It was been demonstrated that the therapy with plant-derived cannabinoid agonists for attenuating hypokinetic signs was useless and did not alleviate motor deficits [85,86]. In MTPT-treated common marmosets, the blockade of CB1 receptors with SR141716A (rimonabant), a cannabinoid CB1 receptor antagonist, reduced LID without affecting the anti-Parkinsonism efficacy of L-DOPA [87]. Similarly, Meschler et al. [88] using cynomolgus monkeys (Macaca fascicularis), confirmed that SR141716A did not improve motor disability. Also in the same study it was demonstrated that cannabinoid agonist levonantradol produced a decrease in locomotor activity and an increase in bradykinesia in primates. Also, cannabinoid agonists did not induce catalepsy in primates, a property that differs from their effects in rodents [88].

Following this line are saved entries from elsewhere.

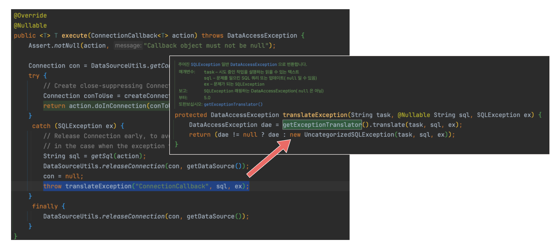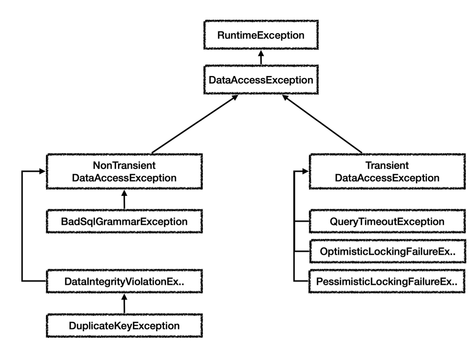 ์ฐธ๊ณ ๋ก ์ฌ๋ฌ ๊ณผ์ ์ ๊ฑฐ์ณค์์๋ ์ ์๋ ์๋ฌ๋ฅผ ์ฐพ์ง ๋ชปํ๋ค๋ฉด, ์๋ฌ ๋ก๊ทธ๋ฅผ ๋จ๊ธฐ๊ณ DataAccessException์ ์์ํ UncategorizedSQLException ์ ๋์ง๋ค. ๋ฌผ๋ก ์ด๋ ๊ตฌํ์ฒด์ ๋ฐ๋ผ ๋ค๋ฅผ ์ ์๋ค.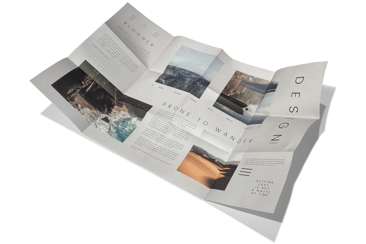 Puoi stampare pieghevoli con piega a fisarmonica incrociata con formato personalizzato fino al formato 50x70 cm
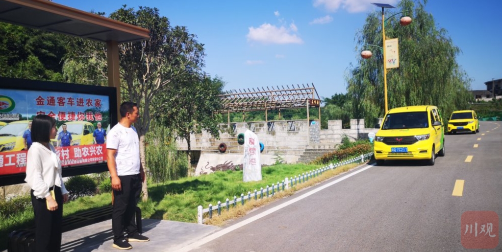 宜宾市翠屏区牟坪镇龙兴村,带有遮阳盖和座椅的招呼站上,村民漆介蜀正在等车。“以前客运车从前面的大马路走,现在‘小黄车’开到我们的农业园里来了。”他说,现在在家门口就能搭上公交,一些零散农产品也能带上车运出去,方便多了。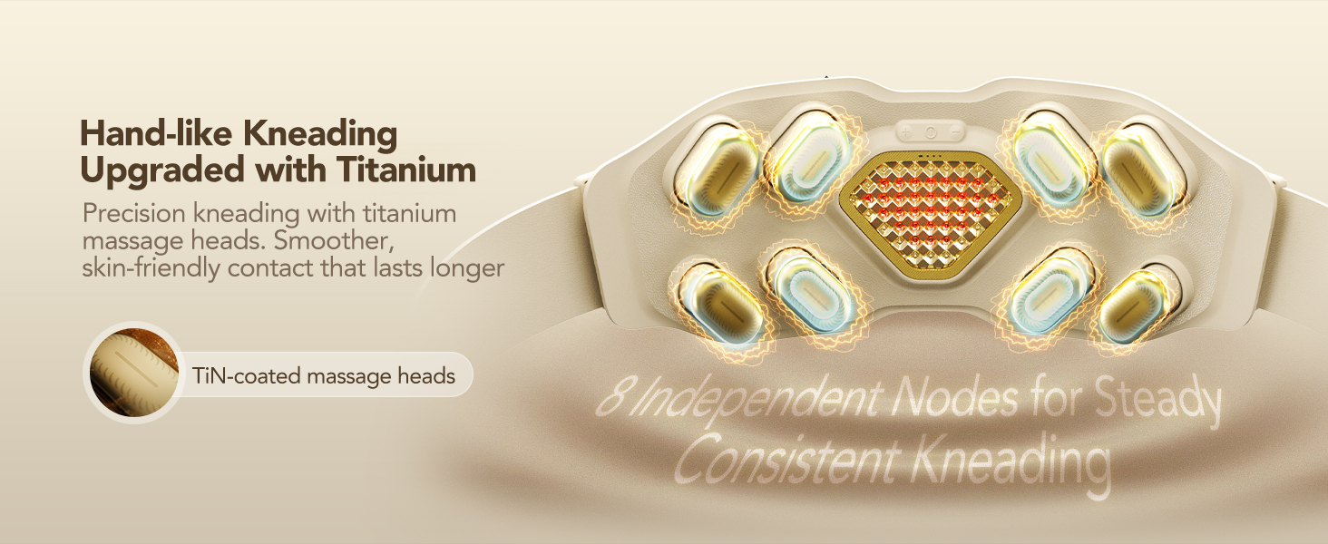 Titanium-Coated Lower Back Massager — Unlike back massagers using plastic or rubber nodes, the W9 Ultra features 8 TiN-coated titanium heads for smoother, skin-friendly contact that lasts longer. Combined with 3,000-speed rhythmic kneading modulation, each node mimics real hand pressure deep into lumbar muscles for a layered, immersive relief experience. Best used directly against skin or over thin clothing.

Furthermore, as for the animal studies, drug trials in PD patients have produced conflicting results. In a randomized, double-blind, placebo-controlled study the cannabinoid receptor agonist significantly reduced LID in PD [89]. On the contrary, in a double-blind, cross-over study, Cannabis extracts, while well tolerated, did not show effects on LID [90].

5.2. Cannabinoids in Huntington’s Disease

Huntington’s disease (HD) is an autosomal-dominant inherited disorder characterized by striatal neurodegeneration. Literature reports that the cause of the disease is a mutation in the huntingtin (HTT) gene consisting of a CAG triplet repeat expansion translated into an abnormal polyglutamine (polyQ) tract in the amino-terminal portion of huntingtin (Htt) protein [91]. Htt aggregation and its accumulation are extremely toxic for striatal and cortical neuronal subpopulations [92,93,94]. The loss of motor inhibition that follows results in an evident abnormal and involuntary writhing, commonly defined as “choreiform” movements [95], associated with dementia [96] and cognitive impairment [97].

The brain region to which is ascribed the pathology is the corpus striatum that has the functional role to control both posture and gait via GABA neurons that project to globus pallidus and zona reticulata of the substantia nigra, controlling in turn subthalamic nucleus. So doing, it inhibits or gates inappropriate or uncontrolled movements [98,99].

About neuroprotective effects of cannabinoid compounds in experimental HD, three mechanism of neuroprotection have been hypothesized: CB1-dependent, CB2-dependent and CB1-/CB2-independent [96]. The first hypothesis is corroborated by the fact that CB1 receptor is early down-regulated in ongoing disease, even in asymptomatic phases, so that CB1 receptor loss could have a role in HD pathogenesis [96]. The second hypothesis born from the evidence given by CB2 receptor localization. It was observed that it is poorly expressed in striatal parenchima under healthy condition while it is progressively over-expressed during degenerative events leading to HD. In this circumstance, CB2-activation preserve striatal neurons from inflammatory insults produced by reactive microglial cells, maybe through the release of neurotrophins, anti-inflammatory cytokines and metabolic substrates [100,101].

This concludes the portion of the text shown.